= AIR OPS =

EU OPS is a European Union (EU) regulations specifying minimum safety and related procedures for commercial passenger and cargo fixed-wing aviation. The legislation is known officially as Council Regulation (EEC) No 3922/91 on the harmonisation of technical requirements and administrative procedures in the field of civil aviation.

The regulations are derived from and very similar to JAR-OPS 1, after consultations between the EU and Joint Aviation Authorities (JAA) in 1997.
Since then, the regulations are about to be superseded by EASA-OPS.
The regulations concern Training, Documentation, Procedures and Compliances in the following categories

- Operator certification and supervision
- Operational procedures
- All weather operations
- Performance general
- Performance class a
- Performance class b
- Performance class c
- Mass and balance
- Instruments and equipment
- Communication and navigation equipment
- Aeroplane maintenance
- Flight crew
- Cabin crew
- Manuals, logs and records
- Flight and duty time limitations and rest requirements
- Transport of dangerous goods by air
- Security

==Coming Rules of Air Operations==
The European Commission published Regulation (EU) 800/2013 on air operations on 24 August 2013. It amends Regulation (EU) 965/2012 laying down technical requirements and administrative procedures related to air operations pursuant to Regulation (EC) No 216/2008 of the European Parliament and of the Council and extends its scope to non-commercial operations with aeroplanes, helicopters, balloons and sailplanes.

==Rules in Europe==
Despite their importance for aviation safety, European flight time rules did not exist until recently. It is only since July 2008, that EU Member States must respect the “EU-OPS” Regulation’s Subpart Q (in Annex III) that regulates Flight Time Limitations (FTL) for air crew.
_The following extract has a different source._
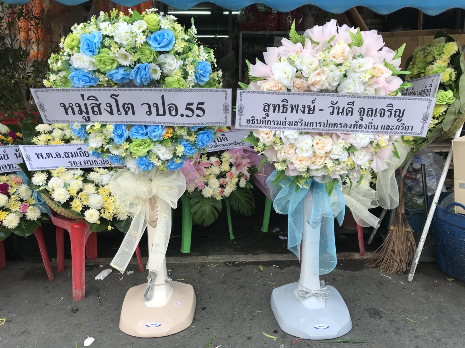 รับจัดพวงหรีด พวงหรีดพัดลมดอกไม้สด พวงหรีดผ้าแพร พวงหรีดนาฬิกา พวงหรีดต้นไม้
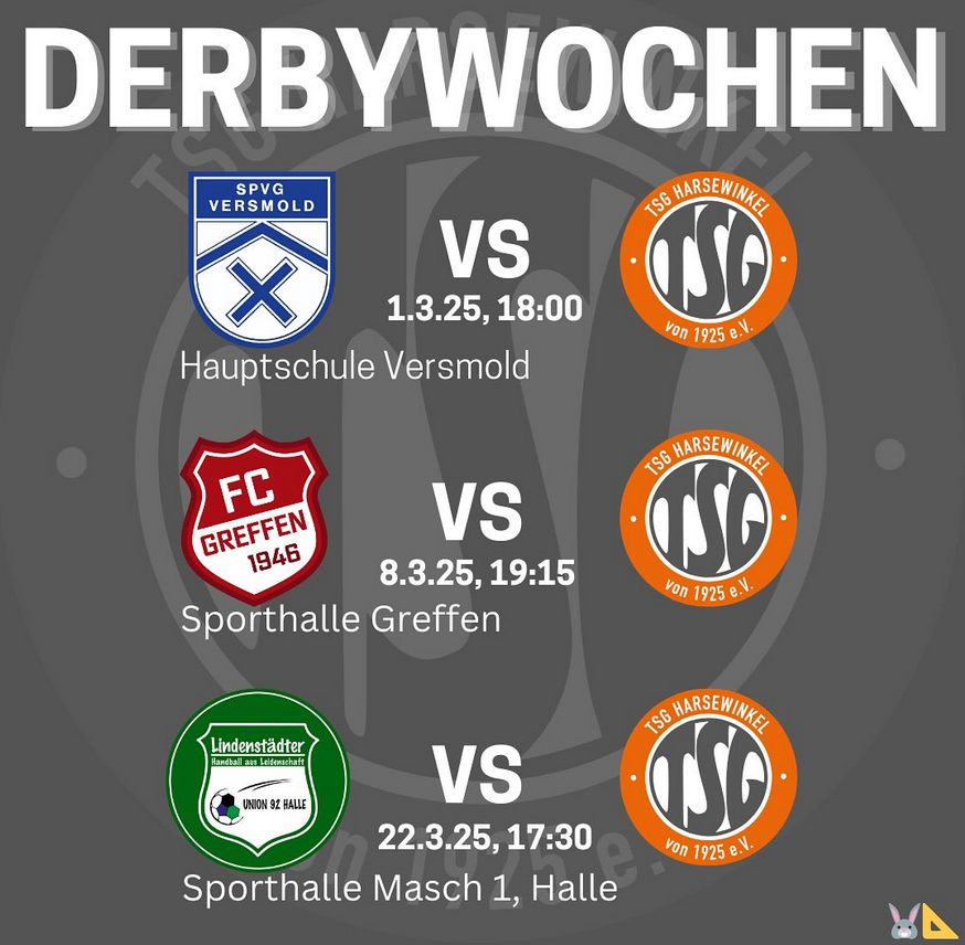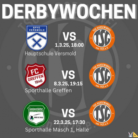 Für uns heißt es jetzt nach vorne Blicken, denn die nächsten Wochen heißt es für uns gleich dreimal Derby. Bereits nächsten Samstag, am Karnevalssamstag(!), müssen wir um 18:00 in Versmold ran. Aus dem Heimspiel haben wir noch eine Rechnung offen und sind, auch wegen des Spieltermines, heiß auf das Spiel.

With this EU-OPS Subpart Q, the EU introduced, for the first time in history, a harmonized, legally binding minimum set of FTL safety rules aimed at preventing pilot fatigue across Europe. While individual EU countries can apply stricter FTL rules at national level, they are not allowed to go below the minimum set by EU-OPS, unless they apply for a specific derogation.

In addition to the legal requirements, Collective Labour Agreements (CLAs) at company level often include FTL provisions, specifically tailored to the conditions of that company. These CLA rules cannot set lower safety levels than EU-OPS, and in most cases they actually provide for stricter FTL provisions than the national laws or EU-OPS. They therefore provide for higher safety levels than required by law.

While setting a minimum safety level, Subpart Q is by no means ideal. Its main weakness is that it has never been subject to a scientific and medical evaluation. Hence, Subpart Q’s provisions are not based on sound scientific evidence as to their ability to prevent pilot fatigue. This is a major weakness, as it means that today’s rules do not ensure passengers can enjoy highest, scientifically supported safety levels when boarding a European airplane.

Also, Subpart Q does not cover key FTL aspects that are crucial for flight safety, such as “split duty”, augmented crew on long-haul flights, some forms of standby, etc. These areas are currently left to the national legislator, leading to different national legal provisions across Europe.